Когти пробили ладонь, когда кузнец, которого можно было принять за грубого, женоподобного мужчину, унес ребра девушки в сторону горна, а жрица, закутанная в алый плащ с капюшоном, тихонько посмеиваясь, вставила в свежие раны стальные распорки, чтобы они не затянулись, а кровь Саминэ неизвестно для чего стекала по каменным желобкам алтаря в специально подставленные сосуды. В воздухе разлился запах зелья, которое я, не смотря на ситуацию, узнал. Оно было способно притупить боль, но лишь настолько, чтобы девушка не умерла от болевого шока и, не смотря на все, оставалась в сознании.
Как бы не хотел Танорион посмотреть со стороны на то, как создаются парные саи, я был уверен, что такого садизма не смог выдержать бы даже он, не смотря на весь его пыл Оружейника...
Если бы я только мог закрыть глаза, чтобы не видеть всего этого, но я не мог отвести взгляда от девушки. Хотя нет, на данный момент - еще совсем ребенка, не важно, человеком она была или нет. Такого не заслужил никто.
Пара ее нижних ребер, только что вынутых и наверняка еще теплых, была быстро зачищена и ошкурена кузнецом, чтобы потом с помощью резца придать им нужный вид. Затем, поместив их в форму, мужчина (или все-таки женщина?) залил их расплавленным металлом, блеснувшим золотом в ярком пламени горна... и потом стало понятно, для чего жрица собирала ее кровь. Сталь саев, в данном случае похожая на сплав золота и амарилла, закалялась не в воде с травами, и даже не в масле. Она закалялась в крови своего будущего владельца...
Гулкие удары молота по наковальне, раздавшиеся после того, как оружие, уже принявшее необходимую форму, было вновь раскалено добела, звоном отдавались в ушах, раскаленным иглой вонзаясь в виски.
Саминэ уже не плакала - она просто лежала, распростертая на алтаре, у ног Латимиры, равнодушно смотря в пустоту. Сердце в собственной груди пропустило удар, когда ее глаза начали закрываться, но хлесткая пощечина жрицы не дала девушке потерять сознание. Я едва заставил себя остаться на месте.
Это было последней каплей моего терпения.
Если бы это не было воспоминанием, то эти двое уже давно были бы мертвы и все, что они сделали с моей воспитанницей, показалось бы им райским наслаждением.
- Скоро там? - недовольно спросила жрица, постукивая ножкой по каменному полу, залитому как свежей, так и старой подсохшей кровью.
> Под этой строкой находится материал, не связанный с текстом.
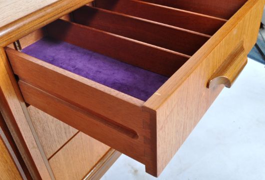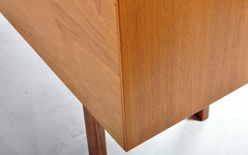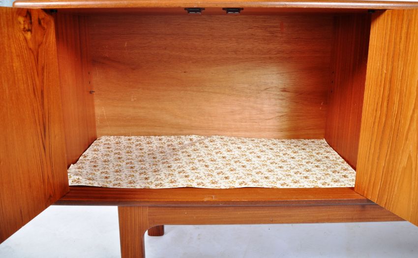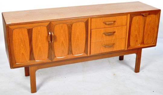 Victor B. Wilkins - G Plan - Brasilia - A retro vintage 1960's G-Plan teak wood sideboard credenza comprising of an off set bank of three graduating drawers flanked by double cupboard doors to the left and full cocktail drinks section to the right. Paneled door fronts with all raised on square legs. Measures approx; 79cm x 173cm x 45cm.
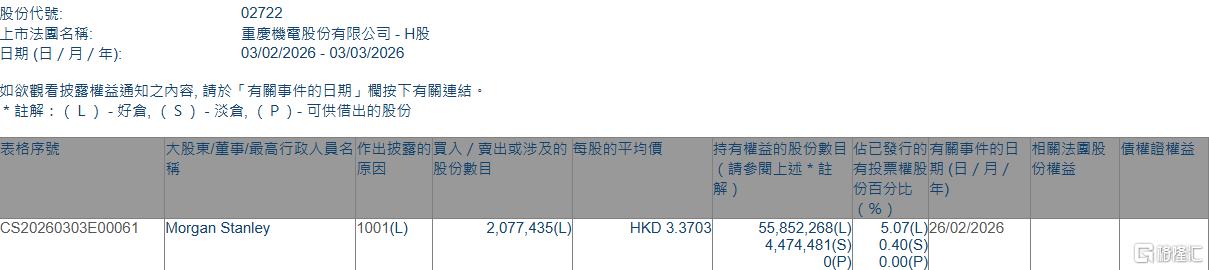 格隆汇3月3日丨根据联交所最新权益披露资料显示,2026年2月26日,重庆机电(02722.HK)获Morgan Stanley在场内以每股均价3.3703港元增持好仓207.74万股,涉资约700.16万港元。
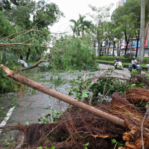 9月25日,在广东阳江市阳东区的228国道,公路局工作人员在清理倒伏树木。
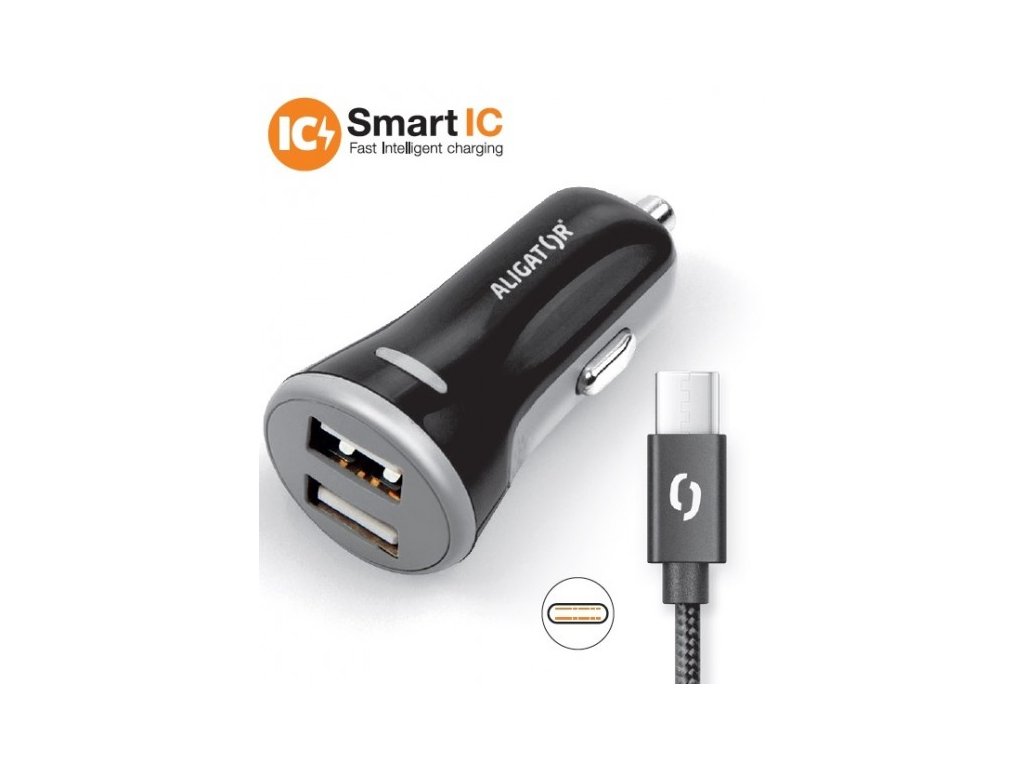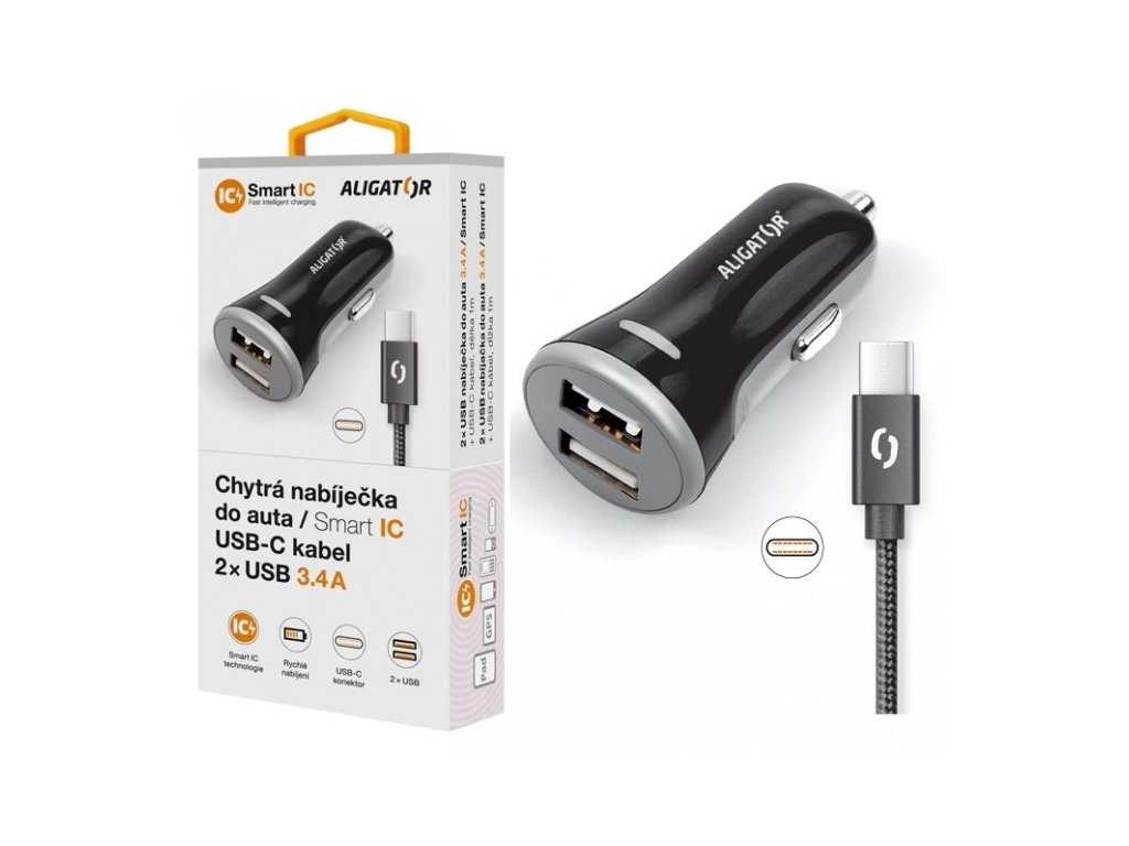 ALIGATOR Chytrá nabíječka do auta 3.4A, 2xUSB, smart IC, černá, USB-C kabel

Ее взгляд метался от неподвижной Саминэ к кузницу и, судя по всему, что-то ей не нравилось, - Черная луна скоро исчезнет, мы можем не успеть.
Я невольно похолодел. Я не понаслышке знал, что такое черная луна - событие, которое происходит раз в несколько тысяч лет. Ночь, когда всходит полная луна с черной окантовкой по краю. Ночь, когда любой темный маг или тот, в ком есть темная сущность, может увеличить свои силы в несколько раз. Ночь некромантов и их самых сильных ритуалов, ночь вампиров, демонов и черных драконов.
Проклятая ночь.
И последний раз подобное было сто пятнадцать лет назад. И если я не ошибся в увиденном, то выходило, что Саминэ сейчас, в реальном мире, была моей ровесницей...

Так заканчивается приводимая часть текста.